[Given data Boundary: Start]

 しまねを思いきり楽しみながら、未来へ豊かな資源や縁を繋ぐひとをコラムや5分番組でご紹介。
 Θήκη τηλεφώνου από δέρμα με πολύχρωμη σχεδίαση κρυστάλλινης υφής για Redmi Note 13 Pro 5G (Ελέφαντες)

[Given data Boundary: End]
[Given data Boundary: Start]

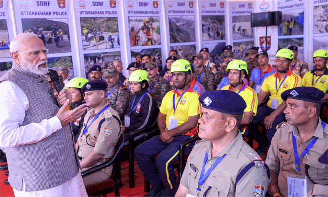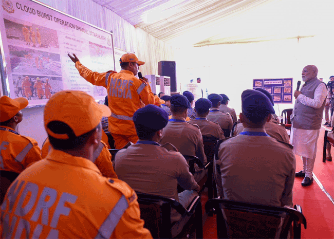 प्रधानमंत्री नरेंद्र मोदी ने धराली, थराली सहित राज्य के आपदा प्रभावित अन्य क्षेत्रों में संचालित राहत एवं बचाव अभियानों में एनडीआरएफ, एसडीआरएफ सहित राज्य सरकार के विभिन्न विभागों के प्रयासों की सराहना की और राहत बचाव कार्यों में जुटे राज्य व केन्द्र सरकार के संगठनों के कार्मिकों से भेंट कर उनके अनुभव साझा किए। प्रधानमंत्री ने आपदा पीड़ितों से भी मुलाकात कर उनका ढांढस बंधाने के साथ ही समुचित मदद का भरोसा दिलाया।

[Given data Boundary: End]
[Given data Boundary: Start]

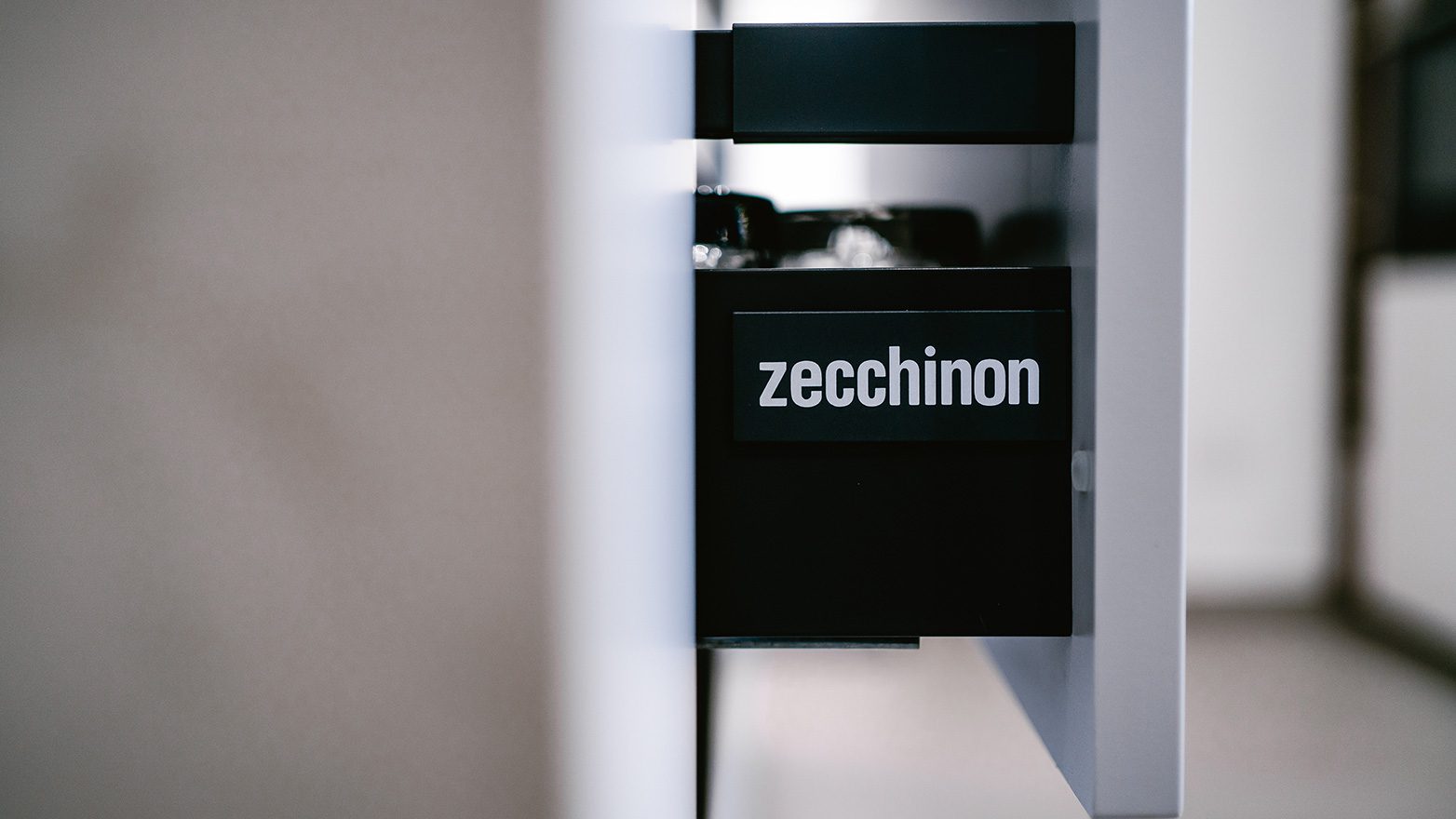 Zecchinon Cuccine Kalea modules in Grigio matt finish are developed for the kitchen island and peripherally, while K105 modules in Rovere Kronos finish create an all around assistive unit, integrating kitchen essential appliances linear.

[Given data Boundary: End]

→ Task brief
In the entries above, the lines from the one bearing "しまねを思いきり楽しみながら" up to and including the one bearing "Θήκη τηλεφώνου από" should be transcribed exactly; no other line is wanted.

→ Response to this exercise
 しまねを思いきり楽しみながら、未来へ豊かな資源や縁を繋ぐひとをコラムや5分番組でご紹介。
 Θήκη τηλεφώνου από δέρμα με πολύχρωμη σχεδίαση κρυστάλλινης υφής για Redmi Note 13 Pro 5G (Ελέφαντες)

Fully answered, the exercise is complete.